В первый же день Римма увидела там свою давнюю знакомую Лялю с каким-то седоватым мужчиной. На Лялю нельзя было не обратить внимания особенно если вы по законному праву носите брюки: таких женщин в романах прошлых лет называли роскошными. Не могу с полной достоверностью сказать, что подразумевали под этим эпитетом тогдашние авторы, но у Ляли я бы отнес его в первую очередь к ее груди. Только потом, не без труда, смог я перевести взгляд на лицо и прочие детали тела и одежды. Именно одежда способствовала производимому эффекту. Боюсь показаться простаком, но все же до сих пор не могу уяснить толком, что больше привлекает наше с вами внимание, господа и дамы, друг к другу: то, что открыто взорам или что скрыто под одеждой? (Имею в виду не душевные качества.) Ну, хорошо, а ведь когда-то вообще ничего не было скрыто – как сейчас у животных, у насекомых, у рыбок, наконец, а также у некоторых племен где-нибудь в глухих дебрях Амазонки. И как же они, бедняги, подстегивают свое вожделение? Как помогают себе взалкать нечто отличное от просто товарищеского отношения? Если все привычно, все на виду…

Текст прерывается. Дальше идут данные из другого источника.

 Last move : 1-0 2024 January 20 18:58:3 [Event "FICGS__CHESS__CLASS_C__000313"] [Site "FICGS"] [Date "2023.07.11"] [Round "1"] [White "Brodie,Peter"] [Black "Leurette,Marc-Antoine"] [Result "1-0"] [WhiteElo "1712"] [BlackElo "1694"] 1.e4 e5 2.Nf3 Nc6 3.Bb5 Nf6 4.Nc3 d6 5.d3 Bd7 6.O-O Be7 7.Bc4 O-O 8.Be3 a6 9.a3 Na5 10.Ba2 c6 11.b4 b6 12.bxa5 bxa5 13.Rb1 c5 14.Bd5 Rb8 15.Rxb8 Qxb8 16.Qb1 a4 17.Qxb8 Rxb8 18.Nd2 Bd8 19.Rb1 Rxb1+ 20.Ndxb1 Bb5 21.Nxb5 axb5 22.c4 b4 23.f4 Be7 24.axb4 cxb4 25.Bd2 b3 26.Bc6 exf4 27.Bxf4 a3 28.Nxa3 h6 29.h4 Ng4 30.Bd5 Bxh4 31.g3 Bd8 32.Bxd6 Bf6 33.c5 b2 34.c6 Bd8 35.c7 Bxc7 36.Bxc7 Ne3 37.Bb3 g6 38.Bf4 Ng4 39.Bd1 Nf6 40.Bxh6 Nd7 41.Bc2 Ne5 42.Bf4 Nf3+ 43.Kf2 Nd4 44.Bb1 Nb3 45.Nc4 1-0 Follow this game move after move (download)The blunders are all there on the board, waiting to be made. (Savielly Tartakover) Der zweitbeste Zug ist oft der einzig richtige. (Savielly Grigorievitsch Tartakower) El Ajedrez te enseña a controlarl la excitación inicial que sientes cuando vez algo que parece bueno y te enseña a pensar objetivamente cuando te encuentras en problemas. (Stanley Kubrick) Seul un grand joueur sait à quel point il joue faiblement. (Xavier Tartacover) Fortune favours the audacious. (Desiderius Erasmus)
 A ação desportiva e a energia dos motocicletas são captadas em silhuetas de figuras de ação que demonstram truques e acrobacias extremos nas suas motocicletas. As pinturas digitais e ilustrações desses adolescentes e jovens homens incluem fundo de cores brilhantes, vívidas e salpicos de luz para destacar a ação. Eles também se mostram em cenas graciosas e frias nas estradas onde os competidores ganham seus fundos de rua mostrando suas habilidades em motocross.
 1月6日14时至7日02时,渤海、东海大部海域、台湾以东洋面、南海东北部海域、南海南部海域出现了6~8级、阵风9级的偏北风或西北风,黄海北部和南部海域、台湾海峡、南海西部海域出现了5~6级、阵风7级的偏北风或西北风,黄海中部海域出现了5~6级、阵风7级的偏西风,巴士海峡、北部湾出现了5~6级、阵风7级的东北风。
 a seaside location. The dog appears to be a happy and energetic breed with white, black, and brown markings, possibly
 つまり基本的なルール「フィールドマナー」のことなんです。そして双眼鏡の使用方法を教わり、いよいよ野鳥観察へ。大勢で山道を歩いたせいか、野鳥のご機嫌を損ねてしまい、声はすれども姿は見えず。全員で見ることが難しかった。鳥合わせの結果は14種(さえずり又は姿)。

Обращаясь к более поздним временам, когда одежда начала покрывать значительную часть людской поверхности, оставляя (у женщин) лишь грудь порядком оголенной (да уж чего там – просто вываливающейся из корсажа!), припомним, что какой-нибудь Айвенго, не говоря о бароне Фрон де-Бефе, или, намного позднее, Печорин и иже с ним во всю силу возбуждались не от лицезрения груди, а случайно завидев щиколотку из-под длинного платья леди Ровены или княжны Мери… Но в годы, о которых веду речь, внимание мужчин давно уже переключилось с лодыжек и ланит на грудь и область большого таза. (Говорю о 50-х годах 20-го века, поскольку в вопросах моды мы сейчас быстро возвращаемся к состоянию племен амазонского бассейна.)

Нечто похожее на эти примитивные размышления лениво бродило у меня в голове в тот день, когда мы с Риммой вернулись к морю и я снова разомлел под послеполуденным солнцем. Ляля и ее спутник с нами не пошли. Он напрямки объяснил, что они предпочитают загорать совсем без ничего, а потому присмотрели дальше по берегу загороженное каменной глыбой местечко, где никто не мешает. Не скажу, чтобы я был шокирован: не так давно мы с Кирой на берегу Днестра тоже позволяли себе подобное – правда, во время ночного купанья. Но вообще к нудизму меня особенно не тянуло. Не оттого, что ходить голым стыдно или, что вернее, холодно, а, скорее, из эстетических соображений. Потому как далеко не все обнаженные тела заслуживают того, чтобы длительное время торчать перед глазами друг у друга, да еще при ярком свете дня. Пожалуй, сказанное Ильфом в его «Записных книжках» о том, что «вид голого человеческого тела, покрытого волосами, внушает отвращение», – перебор, но что-то в этом есть. (Впрочем, не знаю, что сказал бы я, окажись сейчас на месте спутника Ляли за валуном…)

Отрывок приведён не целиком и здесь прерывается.